BOOK REVIEW / A disease-ridden life: The Transformed Cell - Steven A Rosenberg and John M Barry: Chapmans, pounds 15.99

Marek Kohn
Tuesday 27 October 1992 00:02 GMT
Comments

STEVEN ROSENBERG made the discovery that determined the course of his career by inserting his hand underneath a man's ribcage and running it around the liver - gingerly, to avoid puncturing the rindless organ. To his astonishment, he found nothing. Nor did he find, anywhere in the abdomen, any trace of the aggressive cancer that should have killed the man 12 years before. It had just cleared up, like a cold.

The meaning of this revelation was that the immune system was capable of erasing cancer. The goal thus created was the development of techniques that would use immune mechanisms to destroy cancerous cells in ordinary patients, not just this fantastic exception. That was in 1968. The struggle continues.

Rosenberg, now Chief of Surgery at the US National Cancer Institute, says that a scientist should learn to love failure. It is certainly a far more common means of acquiring knowledge than success. In his field, though, failure is not an intellectual abstraction. The torment in his story accumulates with each patient he loses; the dead far outnumber the living. Some of his treatments work at first, but the cancer recurs; some have an effect, but not enough. On occasion, the treatment itself has

killed: the scientific imperative to develop new knowledge may conflict with the Hippocratic injunction to do no harm. Immune therapy may be as heroic - that is, difficult to bear - as established ways of treating cancer.

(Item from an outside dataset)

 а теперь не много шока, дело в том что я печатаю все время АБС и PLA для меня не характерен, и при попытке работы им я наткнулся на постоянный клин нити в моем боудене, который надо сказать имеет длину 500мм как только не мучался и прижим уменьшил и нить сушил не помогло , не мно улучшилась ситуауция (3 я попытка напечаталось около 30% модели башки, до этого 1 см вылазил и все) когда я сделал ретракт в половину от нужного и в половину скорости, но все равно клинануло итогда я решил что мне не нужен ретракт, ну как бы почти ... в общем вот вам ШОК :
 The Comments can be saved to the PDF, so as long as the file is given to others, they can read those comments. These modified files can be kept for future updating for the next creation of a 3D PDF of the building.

Yet each death reiterates the need to find new ways of treating cancer. Rosenberg calls it a 'holocaust', explaining that his mission arises indirectly from the fate of his relatives during the war. He himself is a second-generation Jewish-American. In adulthood, his entire life has been ordered by cancer, and so, to a large extent, have the lives of the people around him. Nightly discussions about the disease became a family ritual. Cancer justifies his singlemindedness; it allows him to hate.

Rosenberg unselfconsciously uses the standard-issue military imagery to describe the 'war' against the disease, but the warrior metaphor fails to obscure a generalised unease. The public looks askance at warriors, and they now look askance at themselves. Moreover, as he observes when explaining his reasons for writing this book, 'science today often seems under siege'.

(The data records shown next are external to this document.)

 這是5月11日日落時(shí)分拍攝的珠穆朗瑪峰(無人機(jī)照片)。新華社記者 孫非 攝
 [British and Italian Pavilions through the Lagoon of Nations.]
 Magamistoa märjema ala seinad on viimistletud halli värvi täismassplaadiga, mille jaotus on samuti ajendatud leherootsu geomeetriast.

The science in Rosenberg's book is straightforward enough, if a little too closely bound up with clinical history and personal narrative - the glossary is useful, but a scientific summary would have been a welcome inclusion. The abiding questions concern the patients, and the intense relationships that develop between them and their doctors. One of Rosenberg's colleagues once observed that the harder their treatment was, the more the patients loved him. And faith may be more shocking than hostility. Rosenberg was stunned by a patient who, told his tumours seemed to be shrinking, matter-of-factly replied 'Yeah, I knew this was going to work'. It wasn't that this patient was the first to have believed in Rosenberg's treatment. It was that all the rest had, too.

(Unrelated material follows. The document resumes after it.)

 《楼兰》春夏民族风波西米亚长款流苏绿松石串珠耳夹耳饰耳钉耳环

At the end of Rosenberg's story, the value of his work is embodied in a handful of surviving patients, several treated only recently. He does not claim that any of his techniques have become established therapies; even for the two diseases, kidney cancer and melanoma, upon which his studies have concentrated.

Much of his research has been devoted to interleukin-2, a substance that stimulates the growth of lymphocytes, white blood cells involved in immune activity. It works for some patients, but is dauntingly toxic. The ideal is to apply toxins only to cancerous cells and keep them away from healthy ones. Rosenberg is now trying to achieve this with tumour-infiltrating lymphocytes, which can be prodded into producing a tumour-killing substance.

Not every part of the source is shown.